During a recent panel discussion on conspiracy movements, UQAM clinical psychology professor Ghayda Hassan helped us understand that, throughout history, fear campaigns have never been an effective way to compel people to modify their behaviours and follow governmental measures. What’s needed, as we well know, is for government authorities to be coherent and transparent. Yet, with the majority of our questions still hanging in the balance, one has to wonder about their chosen communication strategy.
A Police State is not a Determinant of Health
The curfew announced yesterday raises questions, not only in terms of how it is meant to help control the pandemic but also in terms of human rights. Who is responsible for enforcing this curfew, and how? Why have public health measures become a matter for police to handle? An important question, particularly when the last few months have demonstrated how racial profiling and systemic racism continues to be a problem for law enforcement.
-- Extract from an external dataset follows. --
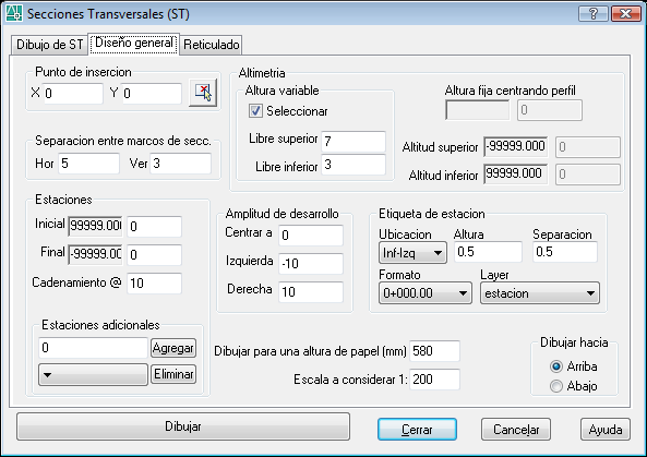 Dibujar para una altura de papel (mm) permite especificar la altura del papel donde se pretende dibujar, este valor es usado para decidir cuantas ST se dibujaran por columna, también en función de la Escala a considerar.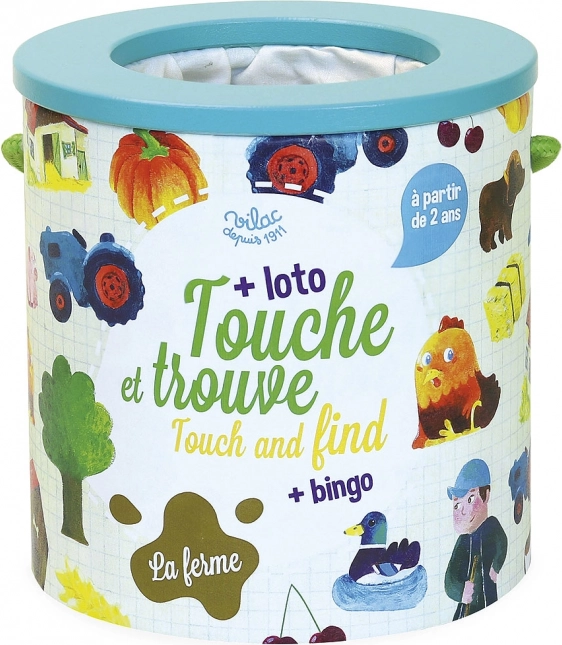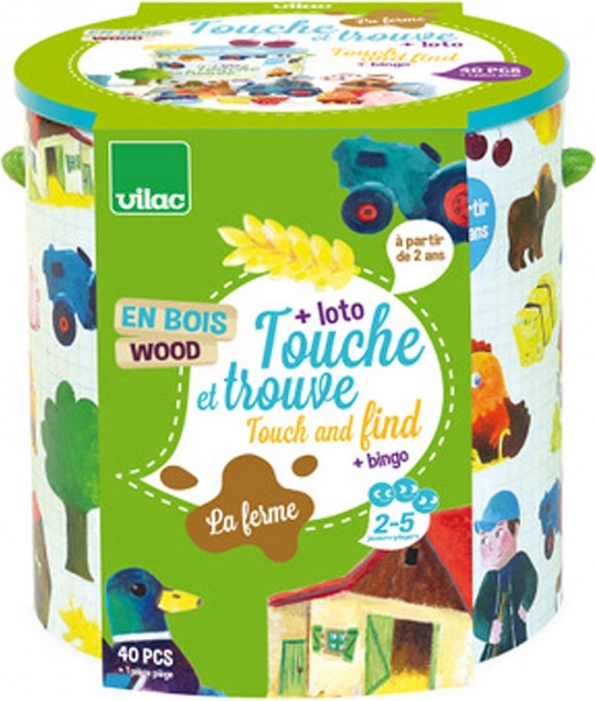 Le jeu Vilac Touche et Trouve - Ferme est idéal pour développer la motricité fine et le sens tactile des enfants. Les joueurs doivent deviner par le toucher quels objets se trouvent à l'intérieur du seau. Pour les enfants plus âgés, le jeu propose une variante de loto ou de bingo avec des cartes illustrées des objets fournies.

We know we’re all running out of steam. Today, doing everything they can to keep our public health afloat, workers, mothers, citizens are all nearing burnout. Some are already there. All the more reason why efforts must be effective, relevant and invested in the right places. We need solutions that will support the public services we’ve sadly watched become dismantled over recent years. We need solutions that are informed by sound scientific evidence.
“(…) if we are to successfully contend with COVID-19, certain things must be rectified and fast. This includes understanding that virus transmission is primarily a function of aerosols and taking action on improving indoor ventilation in both our schools and our health institutions. This also includes securing the necessary resources to improve testing capacity and contact tracing, putting a real end to healthcare workers travelling daily between different care institutions, improving working conditions to help healthcare workers stay on the job and stop contending with burnout, organizing vaccination efforts to effectively reach those who are most vulnerable, at risk, and asking to be vaccinated, etc.,” explains Alexandra Pierre, President of Ligue des droits et libertés in their January 6 press release.
Though lost in the shuffle during the daily press briefings throughout the pandemic, the community sector and its concerns remain on target. In an article published last year in March, L’R denounced the lack of diversity among decision makers involved in managing the health crisis. Decisions informed solely by the views of white men of privilege inevitably lead to blind spots which leave many out of the equation. What are individuals who are homeless to do after 8 p.m.? We are told that shelters will be made available to them, so are we to believe that the capacity of homeless shelters can now magically meet all these needs? What about sex workers who cannot claim COVID-19 benefits? If working nights is how they put food on the table and pay rent, what are their options now? Should evening support groups for victims of domestic violence simply close up shop? Will women leaving their homes to get help be arrested? It’s tenuous to ask that we trust the good judgment of police officers who have not had adequate gender and racial training.
One thing is certain: until these blind spots are eliminated, women’s centres will be there, for as long as it takes, to demand more coherence in how this health crisis is managed. Using fear and increasing police power are simply not the right ingredients to solve this problem.
During a December 9 parliamentary commission session, co-spokesperson for Québec solidaire Gabriel Nadeau-Dubois asked Québec Public Health Director Dr. Arruda whether he would heed recommendations about building ventilation and take stock of aerosol virus transmission. Dr. Arruda stated that he was waiting for an expert report on the matter before making a decision. A month later, we have still not yet seen this report and we continue to wait for his answer.
During yesterday’s press conference, a journalist asked Dr. Arruda about what evidence lay behind the curfew strategy as a good way to reduce hospitalizations. His answer: none. Instead, he explained that measuring the effectiveness of individual measures was not possible. Yet, he had not been asked about rates of effectiveness, but about scientific evidence. Quebecers are entitled to know on what basis their rights and liberties are being impinged upon. The government must absolutely disclose the expert reports on which decisions are taken. We have a right to know what science says about these measures. We need to gauge the extent to which partisan politics are part of the decision-making process. Our position is that public health authorities have a duty to inform citizens about what drives public health measures during times of crisis.
We must all demand transparency, especially women’s groups. Women have been particularly impacted by the choices made by government during this pandemic, as evidenced in underfunded sectors where women make up the majority of the workforce, where working conditions are difficult, and where women make up the majority of service users. The fact that women’s rights are overlooked time and again during times of crisis — in the name of the common good — is not new. Countless mothers stay home when the local daycare is closed. Countless more healthcare attendants do not get vacation when long-term care homes are short on personnel. When the rights and liberties of a few are taken away, we must all be concerned.
“Never forget that a political, economic or religious crisis will be enough to cast doubt on women’s rights. These rights will never be vested. You will have to stay vigilant your whole life.”
Thanks for this reminder, Simone. On this we will stay vigilant. On this we will keep a critical eye.